L'appelant, ou la qualité technique du service de géolocalisation des appels ?



Ou, bien, combo gagnant, il n'y en a pas un pour relever l'autre. o)


----------



## pepeye66 (30 Juin 2013)

Ou bien le système de localisation est...trompé ?


----------



## Galekal (30 Juin 2013)

pepeye66 a dit:


> Ou bien le système de localisation est...trompé ?



Si ce dernier cas de figure était vérifié, taupin35 pourrait alors être en présence d'un acte de piraterie en bonne et due forme.


----------



## sparo (30 Juin 2013)

J'ai un collègue qui a commandé y a qq mois un mac et il a reçu le même appel est pensé que c'était un arnaque ..... résultat sa commande apple a été bloqué car ct réellement apple qui cherchait a valider la commande .....


----------



## Anonyme (30 Juin 2013)

sparo a dit:


> J'ai un collègue qui a commandé y a qq mois un mac et il a reçu le même appel est pensé que c'était un arnaque ..... résultat sa commande apple a été bloqué car ct réellement apple qui cherchait a valider la commande .....



Expliquez nous plutôt, par quel canal vous avez commandé votre MAC ... 

En passant 4 fois par mon APR habituel, je n'ai pas eu d'appel de la part d'Apple.
Maintenant si vous demandez un paiement à crédit, il se pourrait que cela entre dans la procédure appliquée par Apple ... 

Et je ne pense pas que le pays du client est déterminant pour déclencher une telle procédure.


----------



## JPTK (30 Juin 2013)

taupin35 a dit:


> Je tout nouveau sur le forum, et futur détenteur d'un Ipad! Je l'ai commandé ce jour sur le site d'Apple, sans problème. Cependant, 30 minutes plus tard, j'ai reçu un coup de téléphone bizarre, provenant d'un numéro américain (+15126742000). La personne parlait bien français avec un accent anglais, et souhaitait confirmer mon adresse de livraison, facturation et mon email.



Bah tant qu'ils ne demandent pas ton n° de CB, je vois pas trop où est le soucis. 
Tu as fait quoi d'ailleurs ? Tu as confirmé ? C'est lui qui a énoncé les infos en te demandant de les confirmer ou bien tu as du les donner à nouveau ?


----------



## pascalformac (30 Juin 2013)

il y a régulierement des appels de verification -confirmation par Apple
et normalement c'est le gars d'Apple qui donnent les infos à confirmer
( c'est même quasi systematique si nom ou adresse du payeur  et  nom- adresse lieu de livraison different ou si crédit)

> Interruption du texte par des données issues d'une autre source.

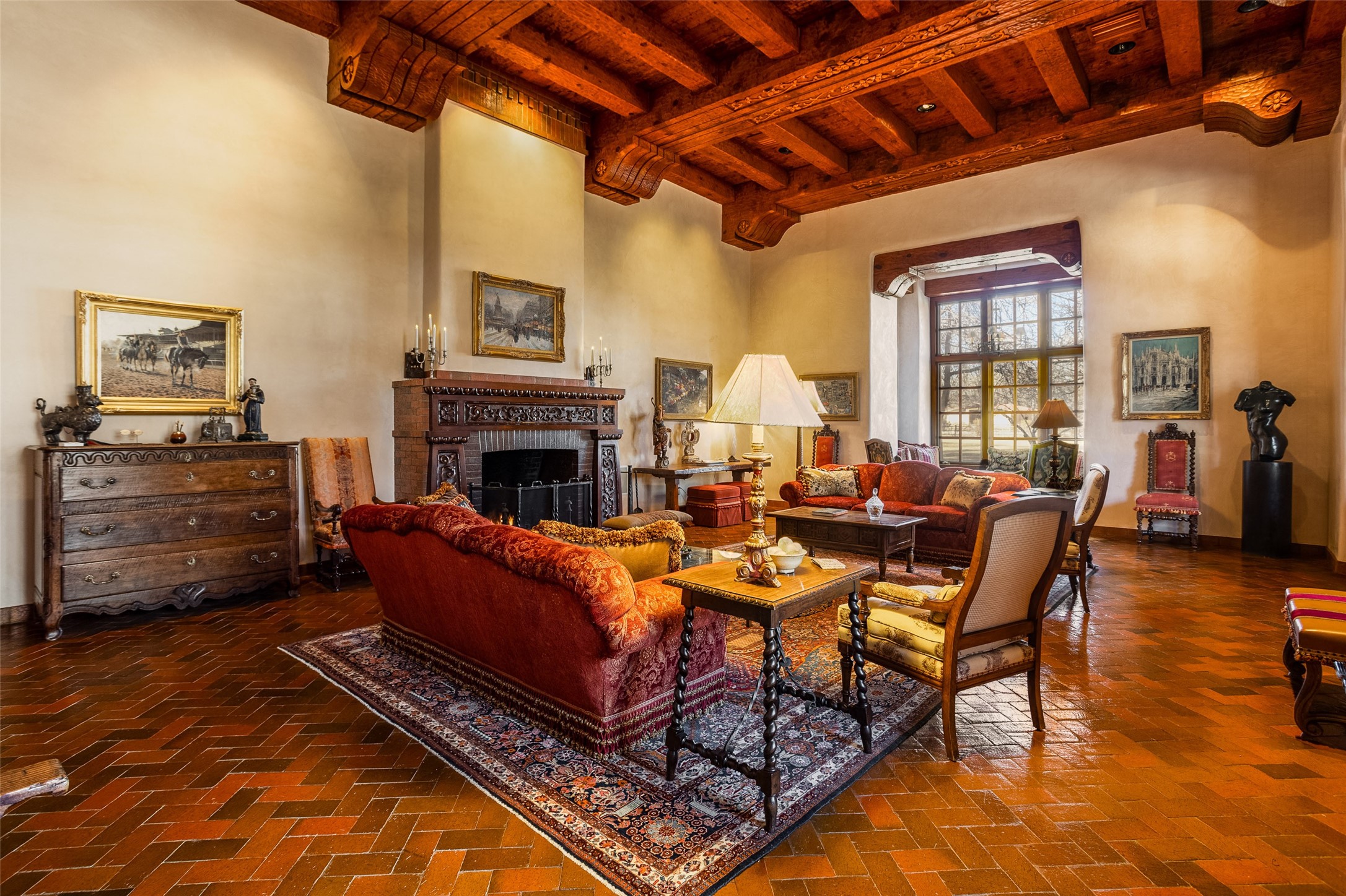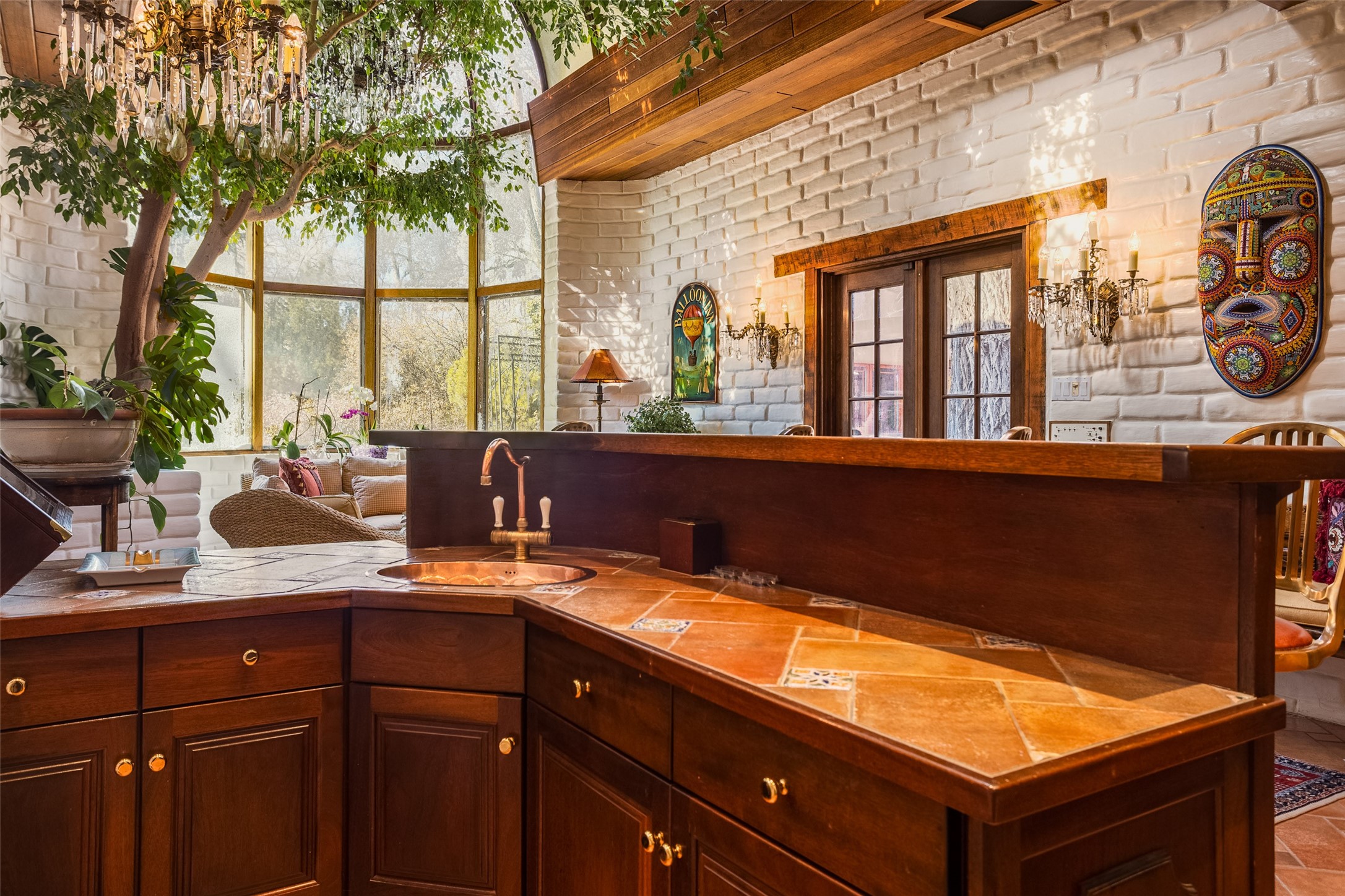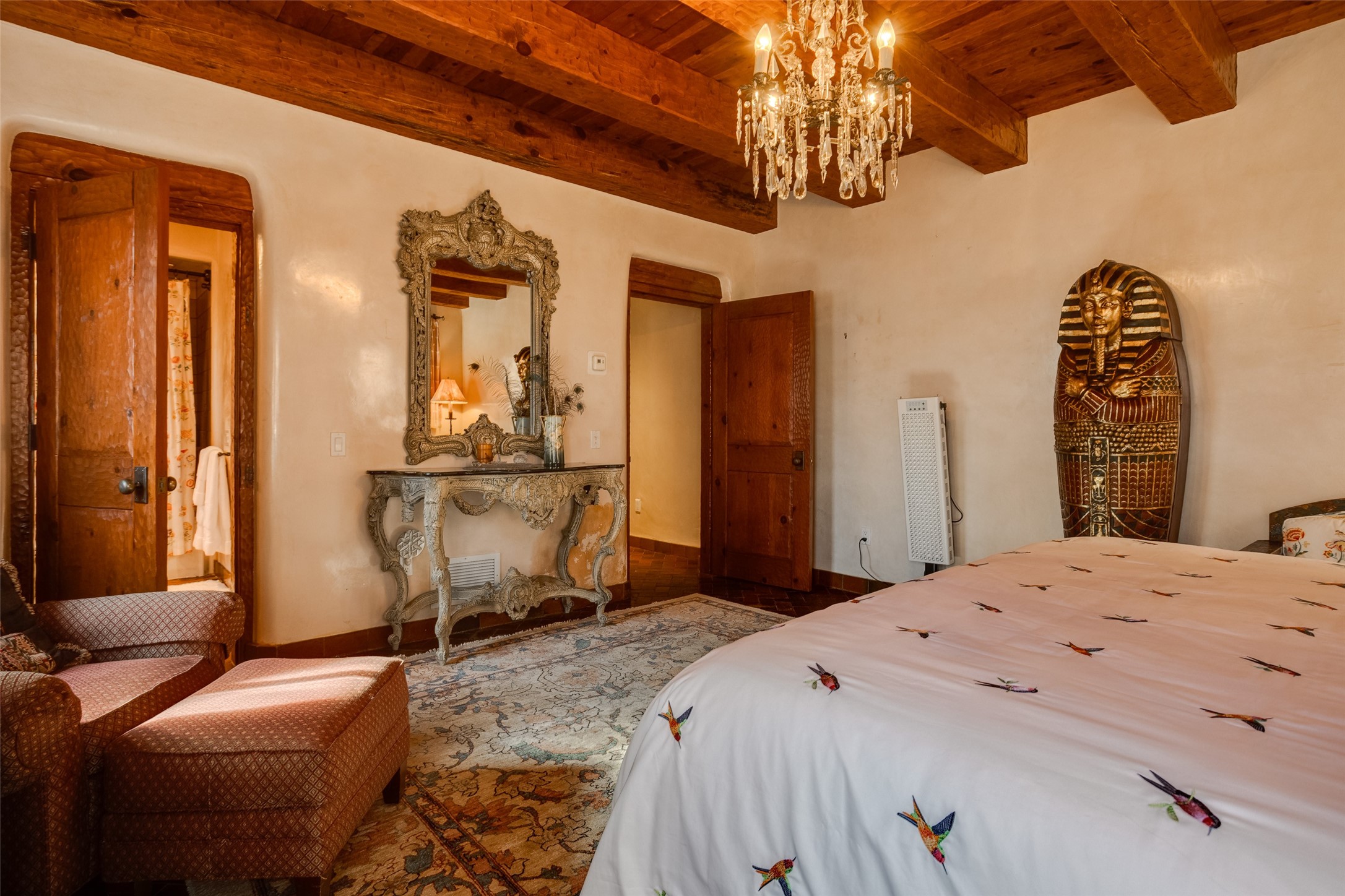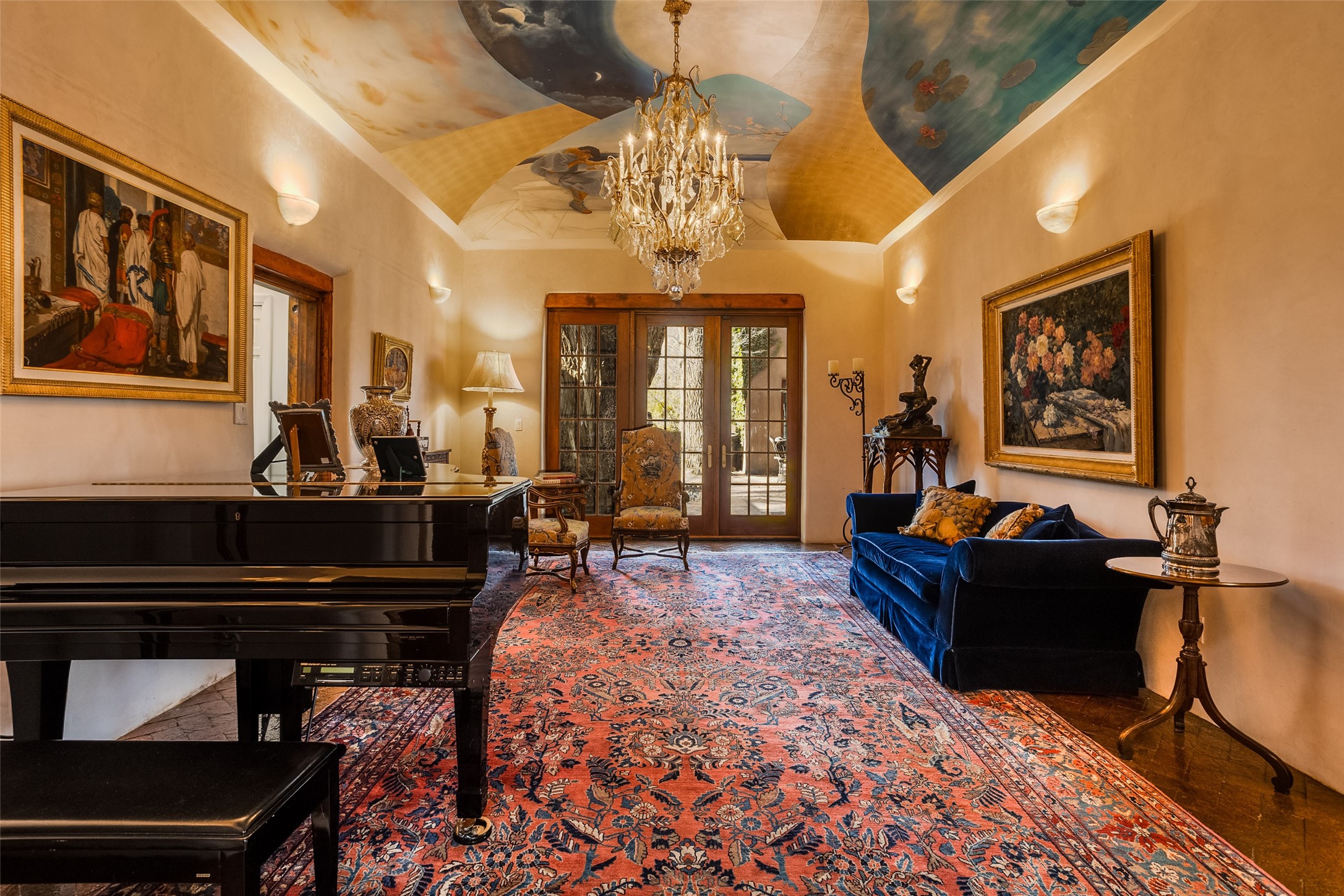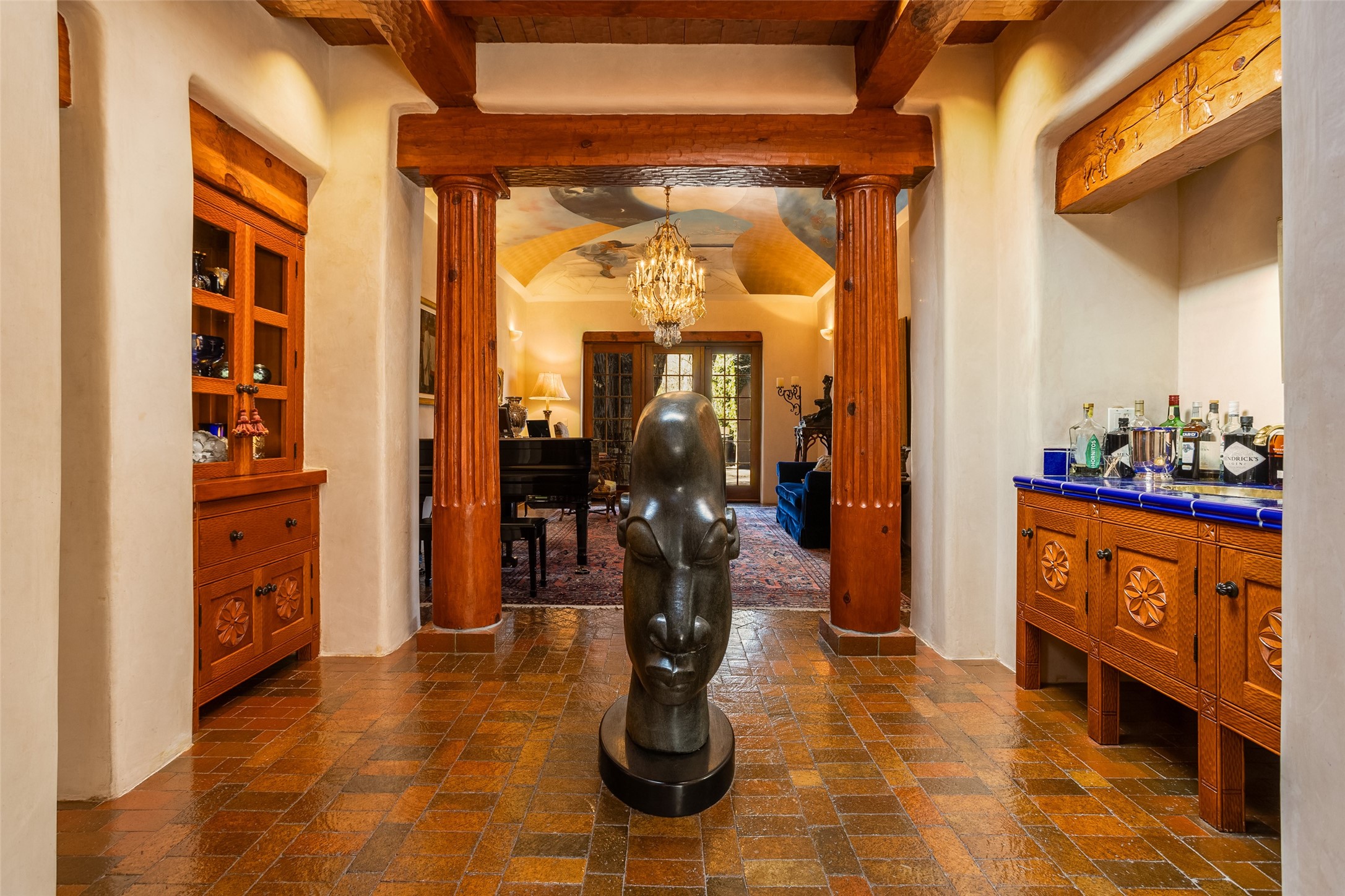 This one of a kind property in the North Valley of Los Ranchos de Albuquerque offers a unique opportunity to own a piece of history and luxury in a picturesque setting. This original 1850s ranch, located in Los Ranchos de Albuquerque, spans over 8 acres of beautifully landscaped yards, adorned with 100-year-old trees. The property also boasts 2 acres of vineyard, producing award-winning grapes for world-class wines. Rare 1906 water rights on the property, but also the connivence of city water to the house.The main house, constructed around the original 19th century ranch house, with over 9000 square feet of Double Adobe, exudes timeless elegance. Its hand-carved wood doors, massive carved wood beams, and soaring ceilings reflect the craftsmanship of a bygone era.The attention to detail is evident in the hand-painted ceiling of the piano room and the dedicated wine room. A Bell tower greets you at the main entrance, with an antique bell and massive carved wood doors. Step back in time as you stroll through the portal with hand carved doors and tapered wood pillars leading to the open patio and garden area.For those who appreciate outdoor activities, the property features one of the only clay tennis courts in New Mexico, offering a unique recreational opportunity. Additionally, a spacious 4-car garage with a workshop, remodeled greenhouse provides ample space for hobbies and storage. A 670sf Casita or Bonus room constructed with the same detail as the main house awaits your vision. A duplex with bedrooms, full baths, fireplaces, sit on top of the 4 car garage with mountain views and private entrances, a very inviting living space.This property is not just a home; it's a testament to history, craftsmanship, and luxury living. It offers a rare combination of natural beauty, historical significance, and modern amenities. Whether you're drawn to the allure of winemaking or seeking a serene retreat in a stunning landscape,

Quant à l'origine visible d'un appel , faut pas trop s'y fier , il y a des centres d'appels dans le monde entier avec ou sans redirection de numero appelant


----------



## sparo (30 Juin 2013)

Anonyme a dit:


> Expliquez nous plutôt, par quel canal vous avez commandé votre MAC ...
> 
> En passant 4 fois par mon APR habituel, je n'ai pas eu d'appel de la part d'Apple.
> Maintenant si vous demandez un paiement à crédit, il se pourrait que cela entre dans la procédure appliquée par Apple ...
> ...


Il avait payé comptant sur l'apple store avec une CB


----------



## pepeye66 (30 Juin 2013)

sparo a dit:


> Il avait payé comptant sur l'apple store avec une CB



 Expliquez nous M. Holmes !


----------



## pascalformac (30 Juin 2013)

pepeye66 a dit:


> Expliquez nous M. Holmes !


Holmes , primesautier ( surtout après ses prises de produit un peu "space")  dirait:
 ca _cash_ quelque chose

à moins que le sens voulu était :  il a payé _content_ par CB


----------



## taupin35 (30 Juin 2013)

Merci pour vos réponses.
J'ai acheté par carte content, rien de plus nominal comme situation. Concernant les infos qu'il m'a demandé je lui est redonné.


----------



## Toum'aï (30 Juin 2013)

taupin35 a dit:


> Merci pour vos réponses.
> J'ai acheté par carte content, rien de plus nominal comme situation. Concernant les infos qu'il m'a demandé je lui est redonné.



rien...


----------



## ergu (1 Juillet 2013)

taupin35 a dit:


> J'ai acheté par carte content, rien de plus nominal comme situation. Concernant les infos qu'il m'a demandé je lui est redonné.



Euh...
Kamoulox ?


----------



## pascalformac (1 Juillet 2013)

ergu a dit:


> Euh...
> Kamoulox ?


je relance de 10 avec deux sucres ( à crédit)


----------



## JPTK (1 Juillet 2013)

C'est bizarre il s'exprimait en français pour le 1er post, peut-être que l'arnaque est plus subtile et grave qu'on le croyait, peut-être qu'il est en train d'être américanisé pour être recruté par les services secrets ?


----------



## ergu (1 Juillet 2013)

A moins que la NSA, par le biais de coup de téléphone mystérieux, ne soit parvenu à prendre la main à distance sur son compte macg afin d'y écrire des messages étranges.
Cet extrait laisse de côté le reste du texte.